L'espace et le lieu

Yannick Torlini explore les effets de la langue sur la destinée humaine et sa portée sur les lieux qu’on habite. En se penchant sur les thèmes de l’amour, de l’échec, de la douleur, la langue qu’il emploie s’enroule autour du surgissement et disparition de l’amour, de l’autre.
Par cette langue «malangue», il capte les émotions qui nous traversent au quotidien dans une écriture de l’empathie.

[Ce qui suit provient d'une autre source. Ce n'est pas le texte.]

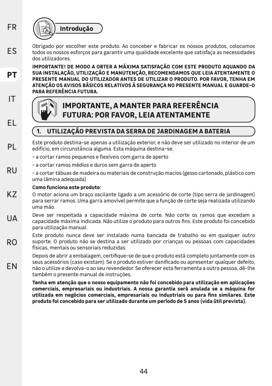 Si vous donnez cet outil à une autre personne, remettez-lui également ce manuel d'utilisation. Notez que notre matériel n'est pas destiné à des usages commerciaux ou industriels. La garantie devient caduque si la machine est utilisée pour des activités commerciales ou industrielles, ou à des fins équivalentes. Ce produit est conçu pour être utilisé pendant une période de 5 ans (durée de vie estimée).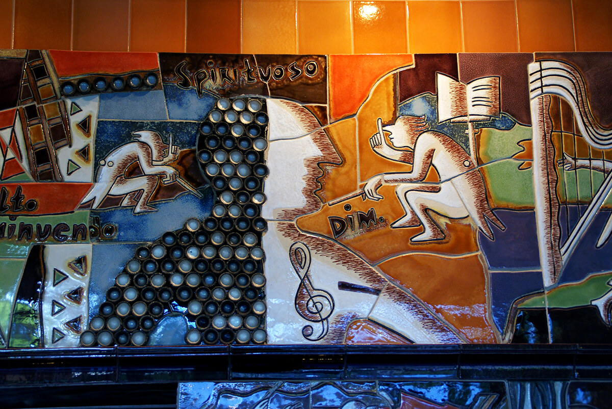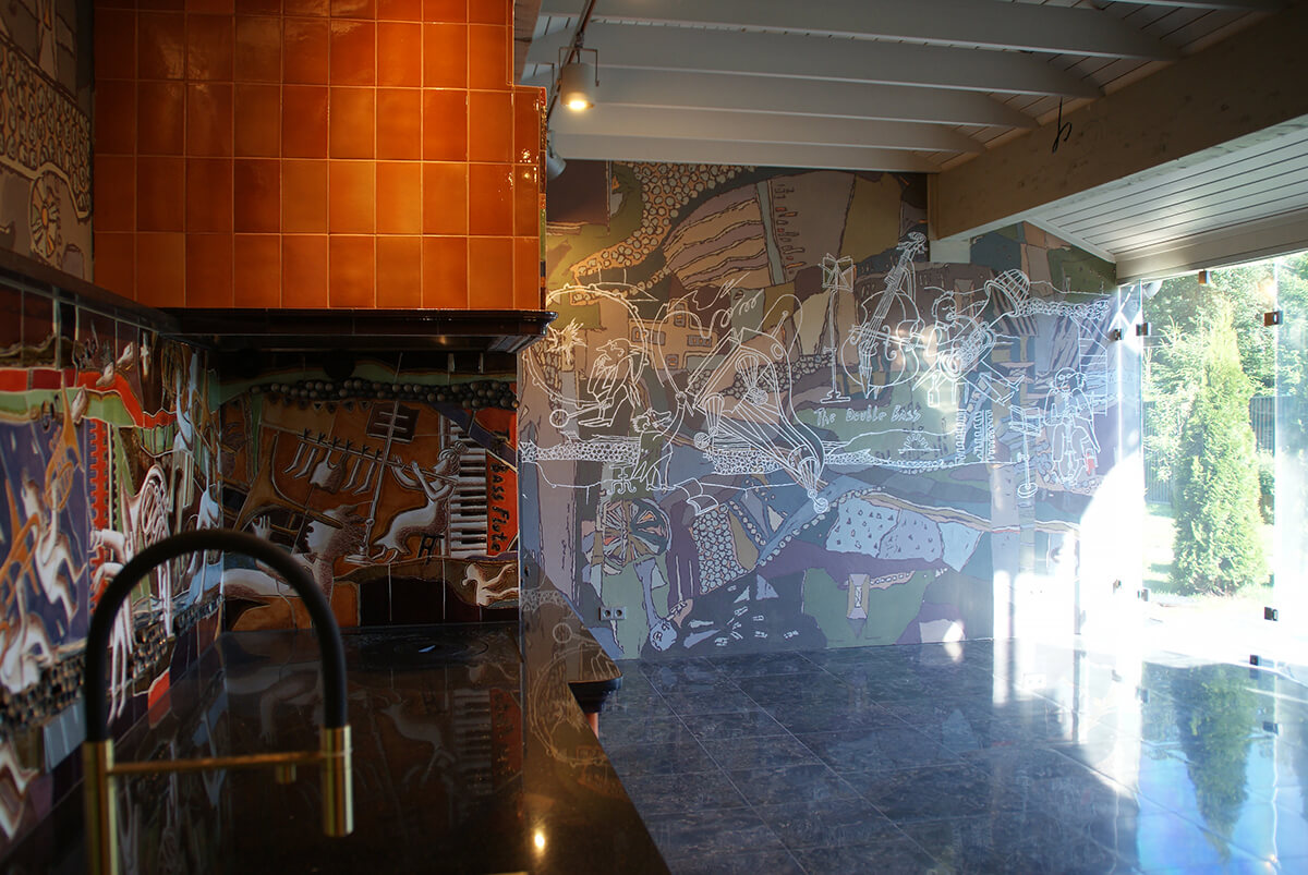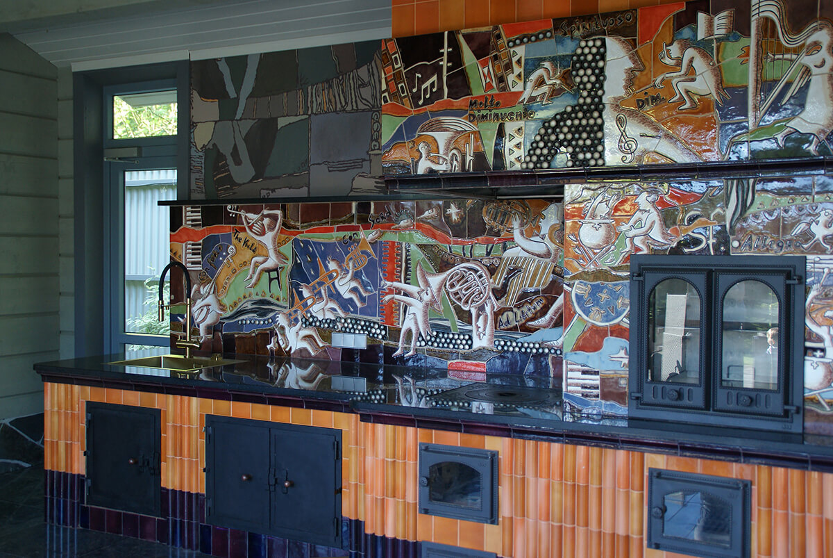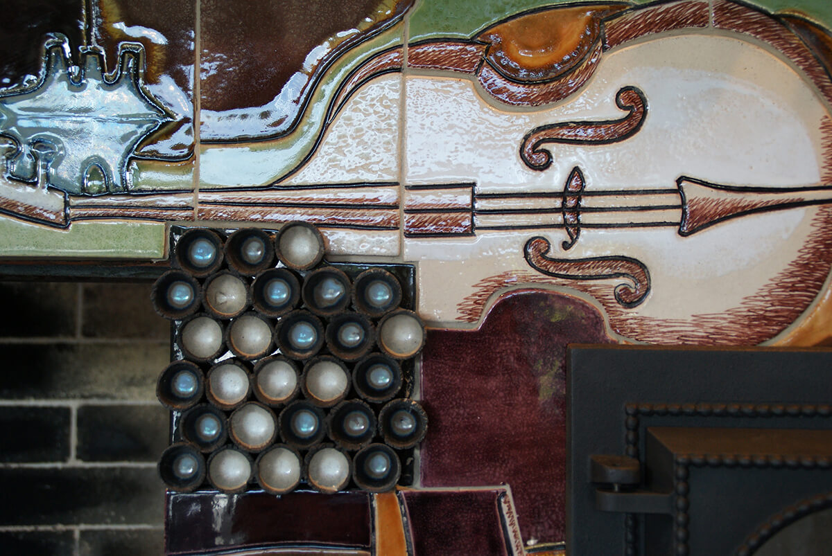 Тема веселого оркестра с юмористическим подтекстом была задана заказчиками — артистической семьей музыкантов. По их заданию печной комплекс должен был нести не только функциональную нагрузку, но и являться арт-объектом, создающим позитивное настроение и дающим повод к обсуждению в компании друзей-музыкантов.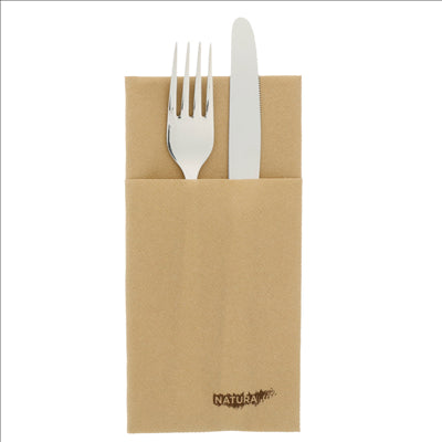 En situation réelle, ces serviettes s’intègrent parfaitement à un service en terrasse, en salle ou lors de buffets et réceptions. Vous glissez simplement les couverts dans la poche formée par le pliage kangourou, ce qui donne immédiatement une table plus soignée et organisée. Cette pièce est pensée pour les établissements Horeca qui veulent une présentation élégante sans passer par la blanchisserie. Elle convient aussi bien aux menus du midi qu’aux dîners plus habillés. Vous optimisez ainsi le dressage, tout en offrant une expérience haut de gamme et hygiénique à vos convives.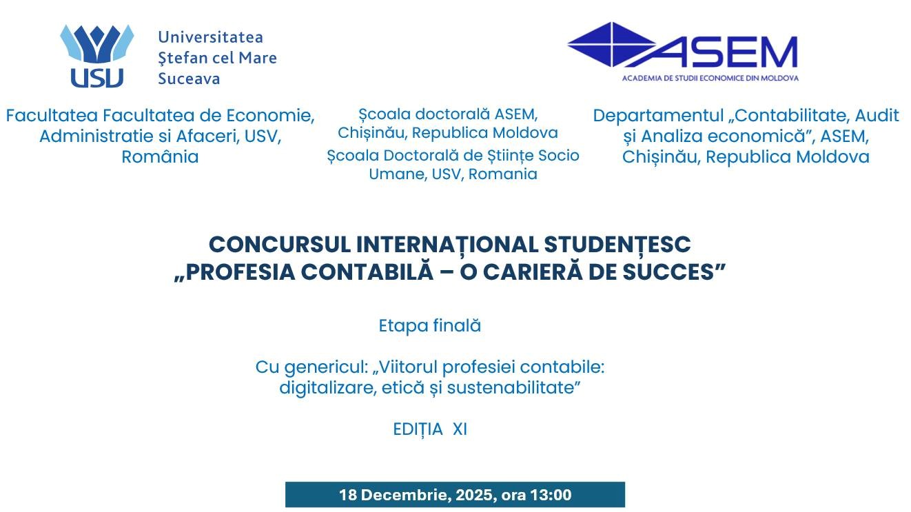 𝑈𝑛𝑖𝑣𝑒𝑟𝑠𝑖𝑡𝑎𝑡𝑒𝑎 𝑆̦𝑡𝑒𝑓𝑎𝑛 𝑐𝑒𝑙 𝑀𝑎𝑟𝑒 𝑑𝑖𝑛 𝑆𝑢𝑐𝑒𝑎𝑣𝑎, în colaborare cu 𝘈𝑐𝘢𝑑𝘦𝑚𝘪𝑎 𝑑𝘦 𝘚𝑡𝘶𝑑𝘪𝑖 𝐸𝘤𝑜𝘯𝑜𝘮𝑖𝘤𝑒 𝑑𝘪𝑛 𝑀𝘰𝑙𝘥𝑜𝘷𝑎, organizează cea de-a 10-a ediție a 𝐂𝐨𝐧𝐜𝐮𝐫𝐬𝐮𝐥𝐮𝐢 𝐈𝐧𝐭𝐞𝐫𝐧𝐚𝐭̦𝐢𝐨𝐧𝐚𝐥 𝐒𝐭𝐮𝐝𝐞𝐧𝐭̦𝐞𝐬𝐜 „𝐏𝐫𝐨𝐟𝐞𝐬𝐢𝐚 𝐜𝐨𝐧𝐭𝐚𝐛𝐢𝐥𝐚̆ – 𝐨 𝐜𝐚𝐫𝐢𝐞𝐫𝐚̆ 𝐝𝐞 𝐬𝐮𝐜𝐜𝐞𝐬”, sub genericul „𝘗𝑟𝘰𝑓𝘦𝑠𝘪𝑎 𝐶𝘰𝑛𝘵𝑎𝘣𝑖𝘭𝑎̆ 𝑖̂𝘯 𝘦𝑟𝘢 𝘱𝑟𝘰𝑣𝘰𝑐𝘢̆𝑟𝘪𝑙𝘰𝑟 𝑑𝘪𝑔𝘪𝑡𝘢𝑙𝘦”.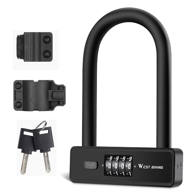 234Black U-lock for bikes. Includes two mounting brackets and two keys. Combination lock included. Durable steel construction.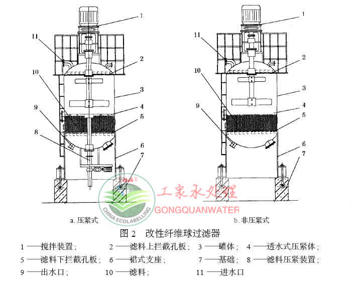 4、改性纖維球過(guò)濾器占地面積小:在相同的過(guò)濾器流量下,占地面積為傳統(tǒng)活性炭及石英砂過(guò)濾器的1/3以下。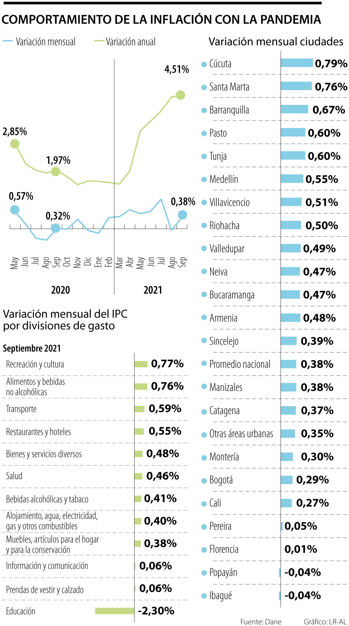 El Dane actualizó la variación del Índice de Precios al Consumidor (IPC) y anunció que para septiembre la cifra llegó a 0,38%; en el año corrido (enero-septiembre) el dato llegó a 4,33% y la anualizada cerró en 4,51%.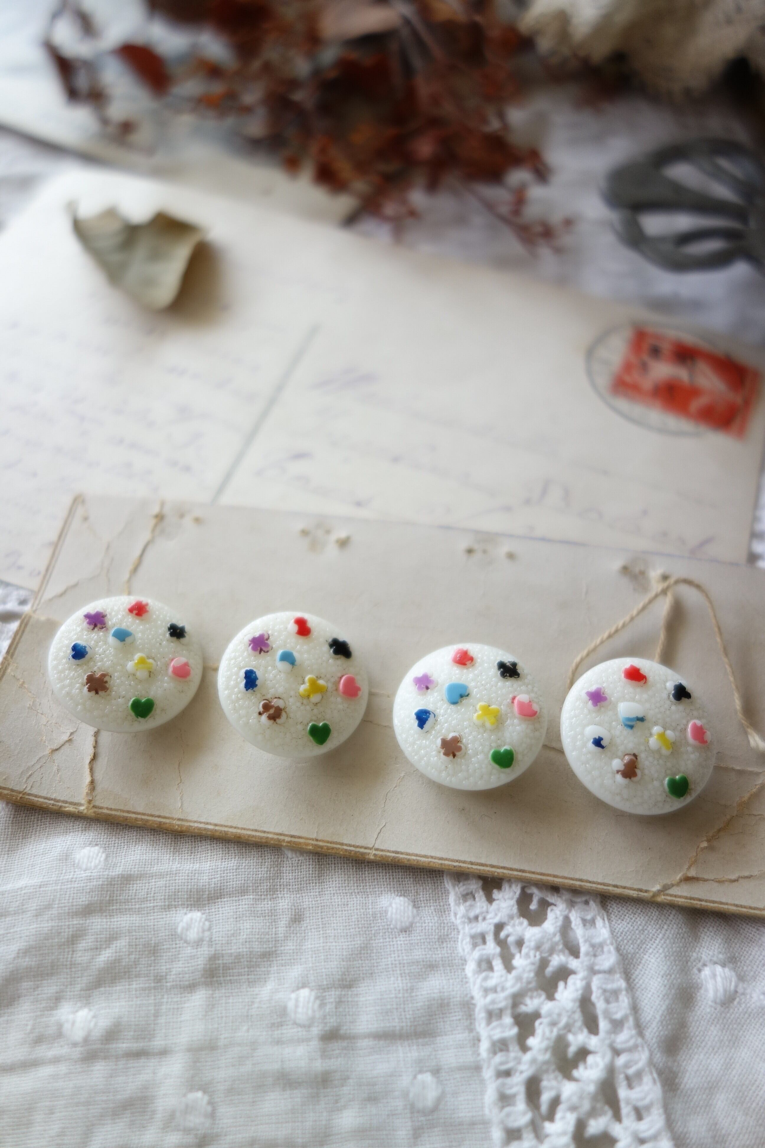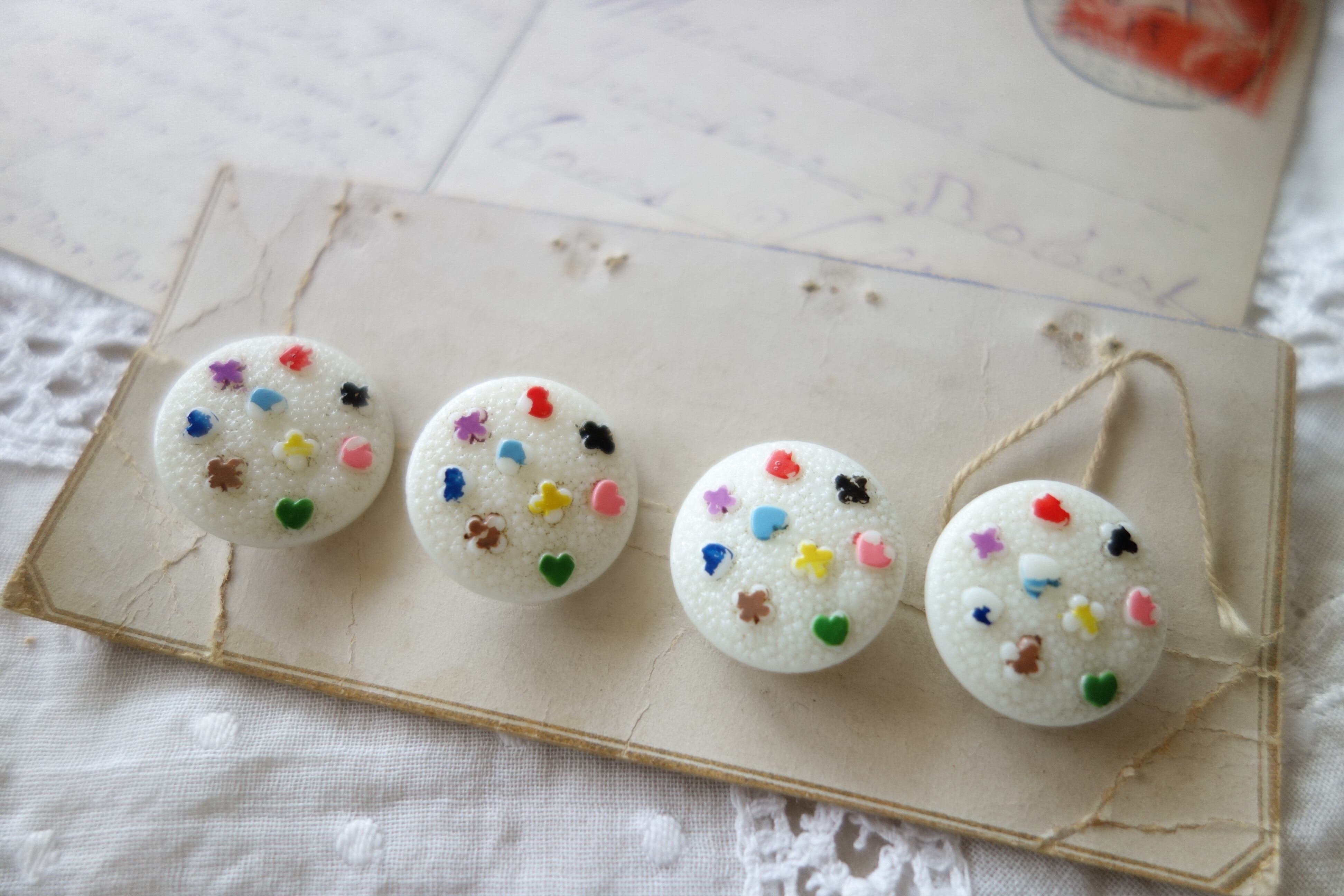 18㎜ 4個アンティーク カラフルなガラスボタン A658 ホワイト
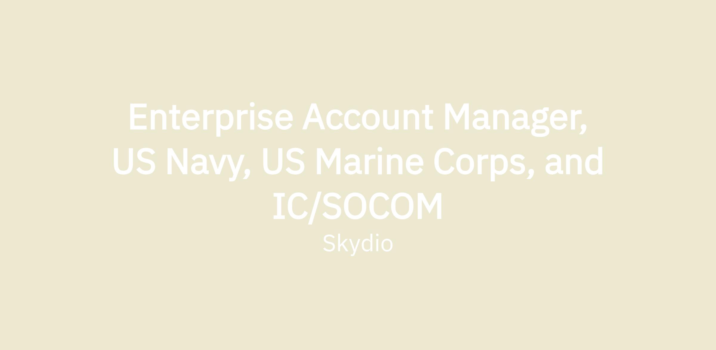 As an Enterprise Account Manager (EAM) supporting the US Navy, US Marine Corps, and IC/SOCOM accounts at Skydio, you will drive strategic growth and mission adoption of Skydio solutions across maritime, expeditionary, and special operations communities. You will lead account strategy, identify and mature opportunities, and build trusted relationships across operational commands, program offices, and acquisition organizations.

Comment continuer à dire, à trouver l'espace où rejoindre l'autre malgré la douleur, la fin qui rôde, comment retrouver l’autre dans l’espace habité, dans les lieux désertés.
Le texte de Yannick Torlini tourne autour du lieu, de l’espace, et ce thème est central dans beaucoup d’autres oeuvres qu’il a publié. Le lieu est espace à parcourir, à se rencontrer, un espace pour la solitude, pour l’écriture.

 

14 euros

 


 

EXTRAITS


cela viendrait peut-être du lieu, de l’espace qui s’y agence par lambeaux. cela viendrait peut- être. de ce qui y vit ou essaie. de ce qui y prolifère ou disparaît. de ce qui s’y éreinte et pense et malgré la nuit. de tout ce qui tient et habite l'improbable fiction du monde. son insuffisance des jours. son temps de pierres et de sable mêlés, s'effritant sous les tempêtes. sa fluidité résistante. sa représentation obstinée, rejouée d'instant en instant, dans l’angoisse que ce ne soit la dernière, peut-être. cela viendrait du lieu, dans. chaque espace, chaque geste recommencés ou comme abandonnés aux recommencements du corps. dedans, abandonnés. à ces animaux de mains et de doigts, de bras, d’os et de chairs. à ce qui ne parle pas. à ce qui n’a pas de langue. à ce qu'il faudrait refaire, encore et encore, finalement. refaire pour ne pas cesser, pour ne pas même imaginer cesser un instant.

 

de gris patiné. quelques éclats subsistent dans la peinture, révélant une teinte plus ancienne. tout autour, quatre chaises en bois, de la même couleur. cette table reste le plus souvent vide et inoccupée. on y trouve parfois quelques fruits finissant de mûrir, entassés dans un compotier en acier inoxydable. parfois aussi, quelques livres, quelques papiers, un briquet, des cigarettes

au-dessus de la tête de lit, fixées au mur, une série d'étagères en bois foncé. ces étagères sont vides. elles n’appartiennent qu’à l’espace et au mur.
de chaque côté du lit, une table de chevet, en bois clair, avec un compartiment ouvert. sur chacune est disposée une lampe à pied, dont la vasque forme un motif floral, une corolle. sur la table de gauche, un couteau, un réveil, parfois un livre et une paire de lunettes. l'espace est plutôt vide et épuré. réduit à son strict nécessaire, celui d’une existence quasi-monastique. devant la chambre, lorsqu’on en sort, il y a un petit palier. quelques cadres sont accrochés sur les murs. des affiches, des poèmes, des souvenirs d'une autre vie. sur la gauche, la salle de bain, étroite, dans les tons taupe, avec une baignoire. plus loin, la cuisine, dont les fenêtres donnent sur l’allée. cette pièce, étroite elle aussi, est destinée à une ou deux personnes, cuisinant peu. quelques ustensiles, une plaque de cuisson, un four électrique, un four à micro- ondes, une bouilloire, une cafetière, un évier, un lave-vaisselle. au milieu de la cuisine, une petite table rectangulaire en fer et à plateau de marbre, et deux chaises pliantes. seule une est utilisée.